General suggestions
This section provides guidance for getting started with Memgraph, regardless of the specific workload you plan to test. It’s ideal for those evaluating Memgraph for the first time or working with a simple dataset. Once you determine the workload that best fits your data and use case, you can explore the more targeted guides in the Memgraph in Production series for tailored recommendations.
What is covered?
The general suggestions cover the following key areas:
-
Hardware requirements for running Memgraph
Learn how to select the best machine for Memgraph based on your resources, whether on-prem, in a data center, or via cloud offerings (e.g., AWS, GCP, Azure). -
Hardware sizing
Since Memgraph is an in-memory database, estimating RAM requirements is crucial. This section helps you allocate memory based on dataset size and expected workloads. -
Hardware configuration
Optimize your host machine configuration for Memgraph to run smoothly, including key parameters for effective operation. -
Networking configuration
Learn the best ways to configure networking to enable Memgraph’s interaction with the outside world and ensure smooth communication with external systems or users. -
Deployment options
Understand the tradeoffs between running Memgraph natively on a host machine or in a containerized environment (Docker, K8s) to choose the best deployment method. -
Choosing the right Memgraph flag set
Memgraph offers a variety of configuration flags for performance, persistence, and other features. This section guides you on setting the right flags based on your use case. -
Choosing the right Memgraph storage mode
Memgraph currently supports two in-memory storage modes - IN_MEMORY_TRANSACTIONAL and IN_MEMORY_ANALYTICAL - as well as one disk-based storage mode: ON_DISK_TRANSACTIONAL. In this section, you’ll find guidance on choosing the most suitable storage mode based on your specific use case. -
Backup considerations
Learn about how to preserve your data in Memgraph to prevent any data loss. -
Importing mechanisms
Discover the best methods for importing your dataset into Memgraph, including Cypher queries, bulk loading, and integrations with other data sources. -
Enterprise features you might require
Memgraph offers a suite of enterprise-grade features that enhance scalability, security, and manageability. Key features include role-based access control (RBAC), advanced monitoring tools high availability cluster setups, multitenancy, and more. These features ensure that your data is secure, available, and that Memgraph can scale to meet the demands of enterprise workloads. -
Queries that best suit your workload
The type of queries you use can significantly affect performance, especially as the dataset grows or the workload complexity increases. For general use cases, simple Cypher queries are sufficient, but as your workload scales, more advanced query optimization techniques are necessary. Also, a different set of queries is needed based on the use case, which will be covered in the specific use case sections.
Hardware requirements
To get started with Memgraph, we recommend checking the system requirements listed in our installation guide. These requirements are sufficient for setting up Memgraph on your own servers.

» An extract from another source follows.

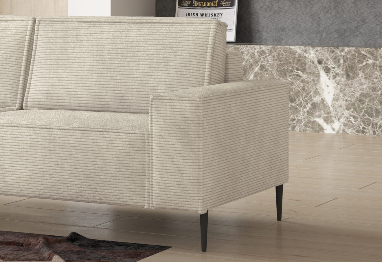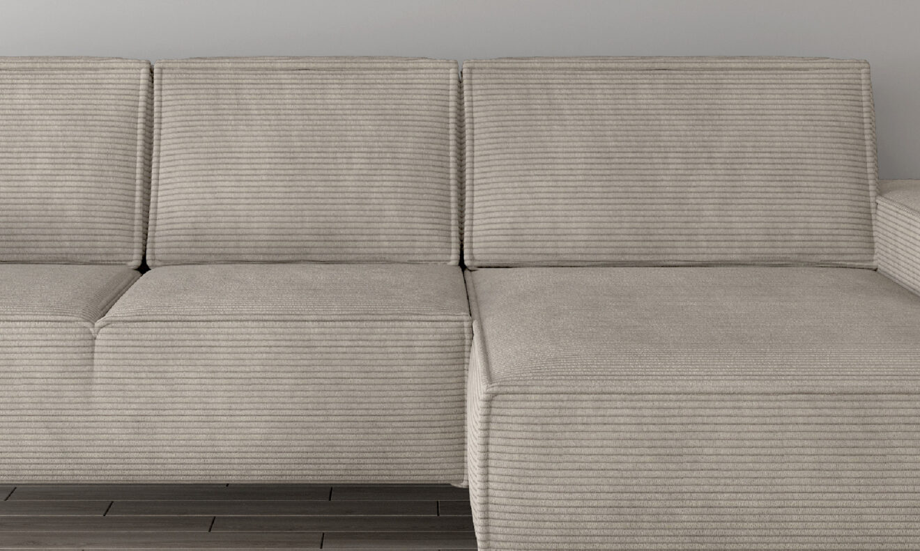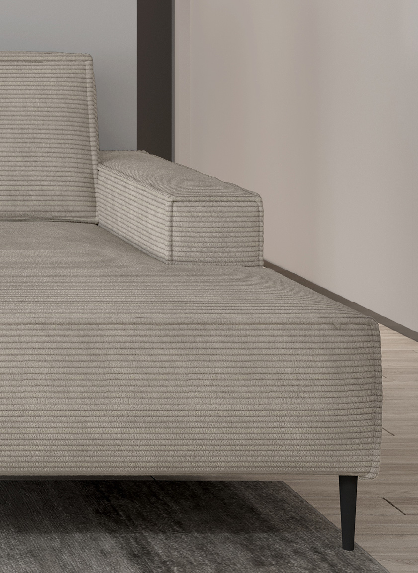 Matano corner sofa is dedicated to all those who value modern design and comfort. The sleeping function is a solution for everyone who is looking for an additional place to rest. The hidden storage compartment can hold extra bedding and a warm blanket. The corner sofa, thanks to its simple line, will fit into any interior. Seated on high legs, it looks extremely light and at the same time very impressive.

If you’re deploying Memgraph using a cloud provider, visit the deployment section for guidance on choosing the appropriate instance type for your specific cloud environment.
Hardware sizing
The most critical factor in provisioning a server for Memgraph is RAM. Memgraph operates primarily in in-memory mode, meaning the entire dataset is loaded into RAM for optimal performance. Properly sizing your RAM is essential to ensuring your system runs efficiently and can scale with your workload.
For a deeper dive into how memory usage is calculated, refer to our memory storage documentation. Below is a simplified, rule-of-thumb approach to help you estimate your memory needs.
Memory components
Memgraph’s memory usage consists of five main parts:
-
Node memory
Each node requires approximately 128 bytes. -
Relationship memory
Each relationship requires approximately 120 bytes. -
Property storage
Properties are stored in buffered arrays. The memory needed depends on property types and counts. -
Indices
Additional overhead is introduced by indexing node labels, edge types, and properties. -
Query execution memory
Temporary memory required to execute queries. This varies depending on the complexity of queries.
Items 1–4 are referred to as memory at rest, while query execution memory is often called compute memory.
RAM sizing guidelines
Use the following steps to estimate the RAM required for your workload:
Estimate base graph storage
For datasets with minimal properties (3–5 small properties), use this formula:
128 * N + 120 * R
Where:
N
= number of nodesR
= number of relationships
The result gives you the dataset size in bytes. The size of properties is omitted as it will not impact the sizing.
Don’t know how many nodes or relationships you have?
If your data is in a non-graph format (e.g., CSV), estimating the number of nodes and relationships isn’t always straightforward.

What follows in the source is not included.